**What is needed:** Take from the entries below the stretch from the line with "Drupal 10 bietet" through the line with "Brewista Test Questions", and return it exactly, leaving the pictures out.

**Input data:**
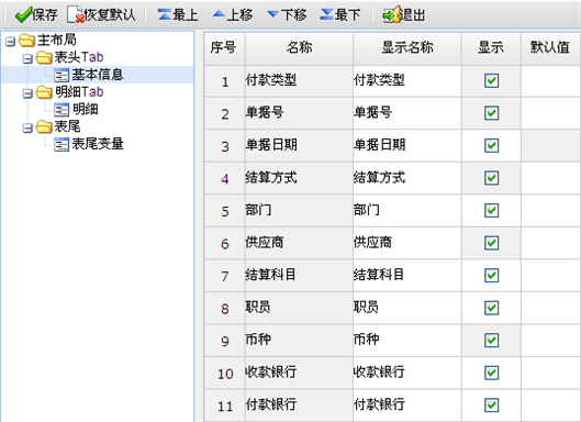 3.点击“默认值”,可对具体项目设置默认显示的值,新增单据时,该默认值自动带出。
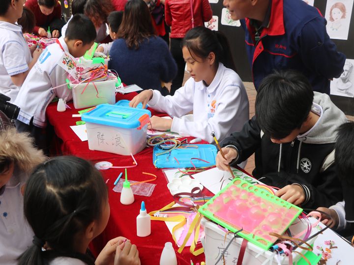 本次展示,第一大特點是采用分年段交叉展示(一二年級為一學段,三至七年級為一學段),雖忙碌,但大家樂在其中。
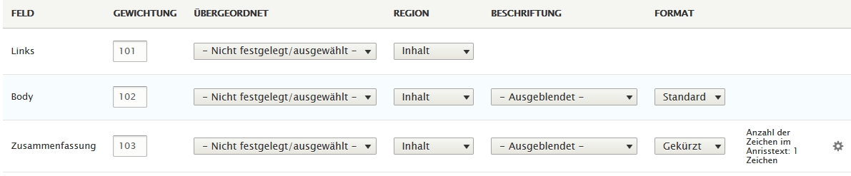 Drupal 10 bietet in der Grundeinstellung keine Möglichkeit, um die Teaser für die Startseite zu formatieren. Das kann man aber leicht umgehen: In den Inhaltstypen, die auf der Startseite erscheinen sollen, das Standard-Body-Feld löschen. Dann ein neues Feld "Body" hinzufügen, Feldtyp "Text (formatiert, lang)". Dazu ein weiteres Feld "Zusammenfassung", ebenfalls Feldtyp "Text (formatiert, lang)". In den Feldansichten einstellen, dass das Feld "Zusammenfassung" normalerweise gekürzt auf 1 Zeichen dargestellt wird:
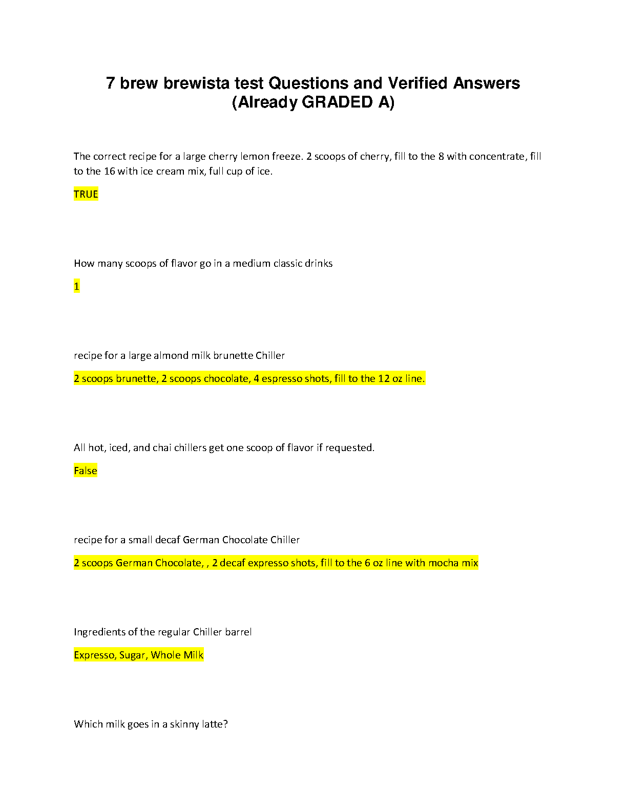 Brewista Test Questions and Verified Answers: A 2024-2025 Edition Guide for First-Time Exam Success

* * *

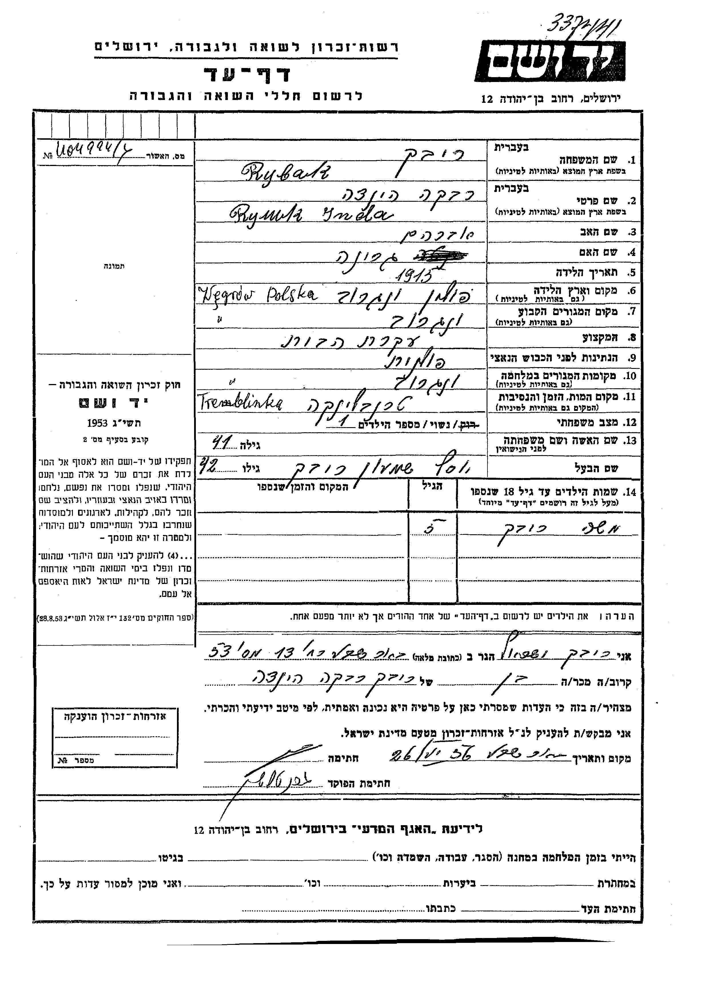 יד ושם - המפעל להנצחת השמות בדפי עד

**Exercise output:**
 Drupal 10 bietet in der Grundeinstellung keine Möglichkeit, um die Teaser für die Startseite zu formatieren. Das kann man aber leicht umgehen: In den Inhaltstypen, die auf der Startseite erscheinen sollen, das Standard-Body-Feld löschen. Dann ein neues Feld "Body" hinzufügen, Feldtyp "Text (formatiert, lang)". Dazu ein weiteres Feld "Zusammenfassung", ebenfalls Feldtyp "Text (formatiert, lang)". In den Feldansichten einstellen, dass das Feld "Zusammenfassung" normalerweise gekürzt auf 1 Zeichen dargestellt wird:
 Brewista Test Questions and Verified Answers: A 2024-2025 Edition Guide for First-Time Exam Success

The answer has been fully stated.